The above observation is general: It is always easier to remove the first proton from a polyprotic acid than to remove the second and so on. The ka values become successively smaller as successive protons are removed.

The acid dissociation constants for common polyprotic acids are given in Table I.1
Table I.1: Stepwise dissociation constants for several common polyprotic acids

Table I.1: Stepwise dissociation constants for several common polyprotic acids


Polyprotic Acids and Ionic Equilibria  


Depending on the pH of the solution, a polyprotic acid may exist predominantly as the undissociated acid or any one of its anionic forms. It is easy to calculate the fraction present of the species involved in the equilibrium as a function of [H+].
 As an example let us calculate the fraction of phosphoric acid present as a function of the pH. Phosphoric acid is typical of most weak polyprotic acids in that its successive ka values are very different.

 
Stepwise dissociation of phosphoric acid
Fig. I.1: Stepwise dissociation of phosphoric acid
From the ionic equilibria shown above it is obvious that the relative acid strengths are:

H3PO4   >>  H2PO4-   >> HPO4-2

This means that in a solution prepared by dissolving H3PO4 in water, only the first dissociation step makes an important contribution to [H+]. This greatly simplifies the pH calculations for phosphoric acid solutions as is illustrated in the Example I.1 below.

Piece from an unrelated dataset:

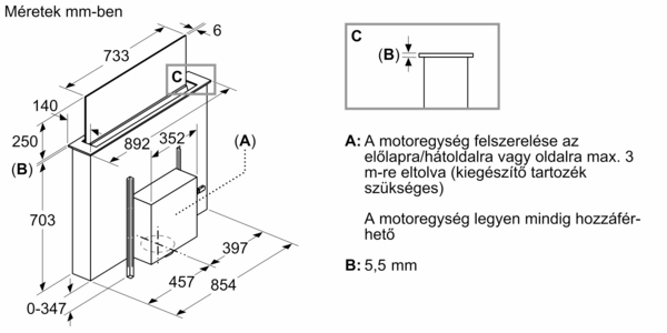 • Beépítési méretek (Magasság x Szélesség x Mélység): 703 x 854 x 123 mm

Let us though first derive  general expressions for [H3PO4], [H2PO4-], [HPO4-2] as a function of [H+] in phosphoric acid solutions.



Polyprotic Acids – Phosphoric Acid - General Expression of the Equilibrium Concentrations (of the species involved as a function of  [H+])


Since there are six unknowns (the concentration of the acid, of the three conjugate bases and of H+ and OH-] we need six equations to define the relations between these quantities. These are

The equilibria ( equilibrium constant expressions):

[H+] * [H2PO4-] = ka1 * [H3PO4]     (1)

[H+] * [HPO4-2 ] = ka2 * [H2PO4-]  (2)

[H+] * [PO4-3] = ka3 * [HPO4-2]      (3)

[H+] * [OH-] = kw        (4)

The mass balance on phosphate:

[H3PO4] + [H2PO4-] +[HPO4-2] + [PO4-3] = C            (4a)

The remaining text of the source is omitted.